In his speech, Castro said little about Cuban troops fighting in Africa. Now, in this hut in Havana, Campos was asked about it.
“I lost my nephew there,” Campos said. “He was nineteen. He was killed in Ethiopia five months ago.”
The wife, Deisy Rojas, said, “They told us that once the boy finished combat, he died in an accident. They always say that it is an accident.”
“The last time I saw him,” Campos said, “he came to this house with his record player and his girlfriend and they danced and then they said good-bye and he went to Africa. That is the last time I see my nephew.”
“How did they tell the family that he was dead?”
“A committee came to my brother’s house and said that the boy had died in Ethiopia.”
The wife said, “He is dead five months and the mother has not received the corpse and she is very “upset.”

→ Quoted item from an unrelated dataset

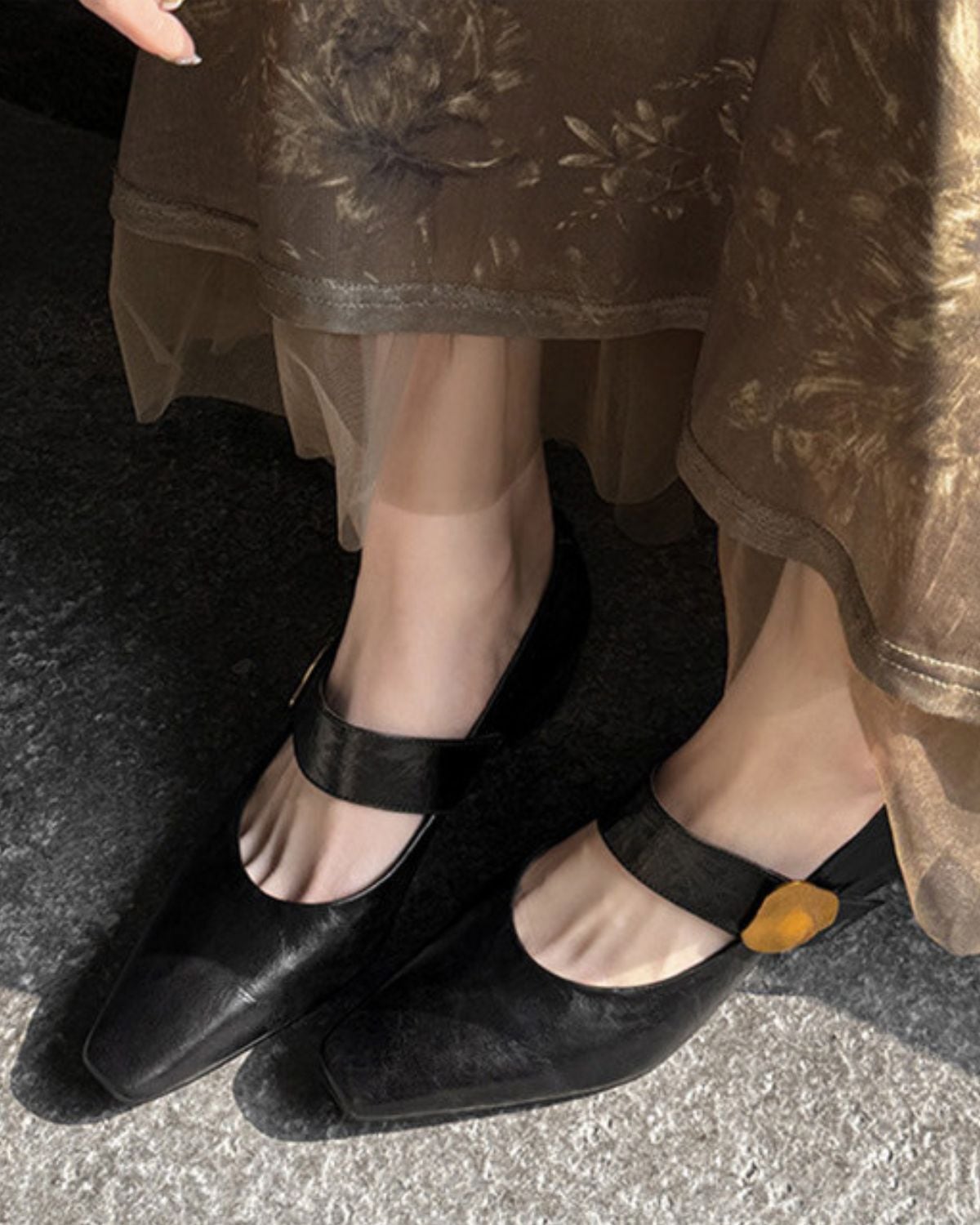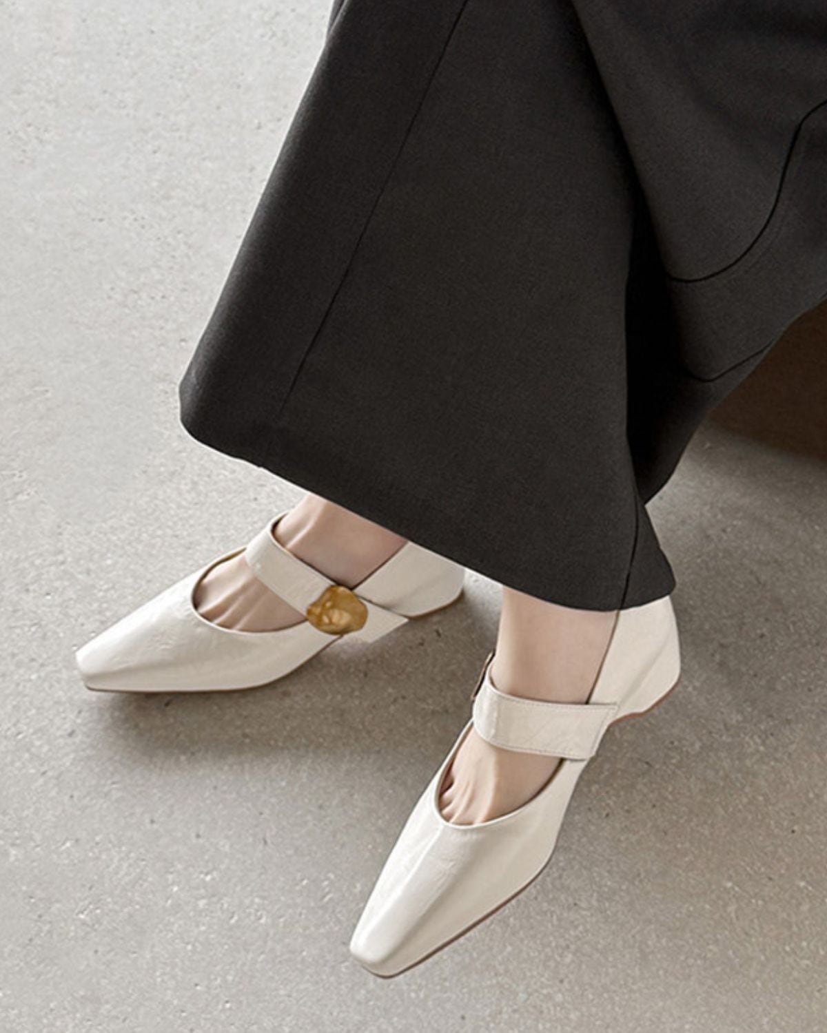 クラシックなジェーンスタイルのスクエアトゥパンプスです。上品さと安定感を兼ね備えているため、デニムに合わせて足元に上品さをプラスしたり、スカートやワンピースと合わせてクラシカルな雰囲気になります。

“There was a symbolic burial,” Campos said. “Five or six soldiers had a small coffin and they were standing guard over it at the place where the regiment has its headquarters.”

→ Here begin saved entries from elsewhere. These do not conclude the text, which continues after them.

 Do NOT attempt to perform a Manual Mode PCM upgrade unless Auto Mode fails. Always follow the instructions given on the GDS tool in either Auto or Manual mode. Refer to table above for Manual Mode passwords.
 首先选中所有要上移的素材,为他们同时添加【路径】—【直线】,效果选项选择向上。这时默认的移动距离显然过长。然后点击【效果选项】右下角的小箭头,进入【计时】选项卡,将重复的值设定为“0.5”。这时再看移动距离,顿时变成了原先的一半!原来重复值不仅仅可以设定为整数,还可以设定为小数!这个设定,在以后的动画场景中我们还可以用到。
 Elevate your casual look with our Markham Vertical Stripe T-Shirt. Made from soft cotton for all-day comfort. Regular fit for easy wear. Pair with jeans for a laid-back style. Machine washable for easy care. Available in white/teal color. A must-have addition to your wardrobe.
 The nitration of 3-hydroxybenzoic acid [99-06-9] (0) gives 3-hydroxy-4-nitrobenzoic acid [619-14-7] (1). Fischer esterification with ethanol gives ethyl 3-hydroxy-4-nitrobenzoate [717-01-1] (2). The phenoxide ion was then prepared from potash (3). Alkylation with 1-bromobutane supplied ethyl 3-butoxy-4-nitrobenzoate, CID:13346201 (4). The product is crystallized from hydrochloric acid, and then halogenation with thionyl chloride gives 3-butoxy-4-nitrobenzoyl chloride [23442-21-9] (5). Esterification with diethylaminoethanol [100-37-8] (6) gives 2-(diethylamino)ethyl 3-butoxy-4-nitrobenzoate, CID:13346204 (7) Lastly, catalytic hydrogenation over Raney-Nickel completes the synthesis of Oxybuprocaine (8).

“The mother is still very upset,” Deisy Rojas said. “She has not received the corpse. The mother says that when you see the body you can be more relaxed. When you do not see the body you always wonder and worry.”

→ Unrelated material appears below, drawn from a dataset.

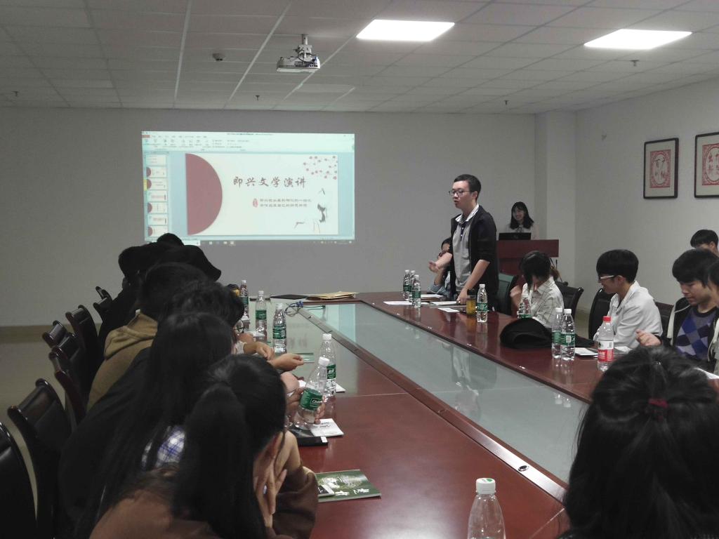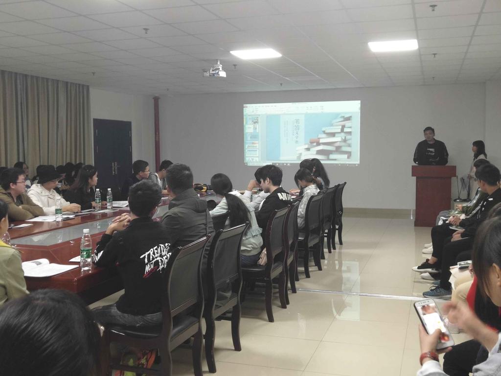首先,各个社团派出一位代表用PPT向全体与会人员分别介绍有关社团历史、社团现状、部门情况、社刊社训、发展愿景等方面的基本社团信息,展现了各自的风采。随后,与会人员进行了即兴文学演讲,即每位发言者选取一部或多部对自己影响深刻的文学作品,对其发表看法,同时,其他未发言人员就进行演讲者所说的作品进行探讨,从而造成了不同文学思想的碰撞与交流。接下来,会议进入到生动活泼的游戏环节。本次会议共设有三个游戏,即成语接龙、魔鬼诗典与击鼓传花。游戏过程中,来自不同社团的代表积极参与,增进了彼此间的了解,建立了深厚的友谊。最后,本次会议以一张合影的形式圆满结束。

At seven-thirty, everybody left the kitchen and sat on the bed and chairs in the front room to watch a television show called “The Adventurers.” It is Cuba’s most popular show, a nightly half hour of people rushing about and firing blank guns from behind stage scenery. The show concludes each night, as it did on this one, with a fuse burning to the top of a drum of dynamite. Tomorrow, you will see if the fuse reaches the explosive. Campos adored the burning fuse.
His face went blank, however, and his eyelids lowered when the national news came on at eight. The news opened with a report on a Latin American congress of students which will be held in Havana in March. The next story was about a province which leads in building cooperatives. Footage of a crack sugarcane cutting brigade followed. Then there was a story about a commemorative service for policemen who died defending the Bay of Pigs.
Now there was a long report on the opening of a newspaper in the city of Sancti-Spíritus. The film showed printers at Linotype machines made in Russia. Following this there was much footage of printers’ hands placing type in galleys.
“The workers you see are the most important to a newspaper,” the voice over the film said. “The workers on the paper are more important than the writers. The writers for the new newspaper were chosen from the different political organizations of the province.”
Now the sports announcer came on. “Ah,” Campos said. His eyes opened and he sat up. But his face immediately became sad as he heard the announcer say that the baseball game had been rained out.
The evening over, Campos insisted on leading his guests out along the railroad tracks. There was nobody standing in the darkness in the mud. One hut had a light on, and the light beamed through several openings in the tin roof.
The interpreter, who had driven out, had his car waiting where a mud street crossed the railroad tracks. Campos shook hands. We left for the hotel. He went back to his hut to sleep so he could rise at 5:00 A.M. and walk through the mud to the bus to another day of his job sweeping the streets of Havana.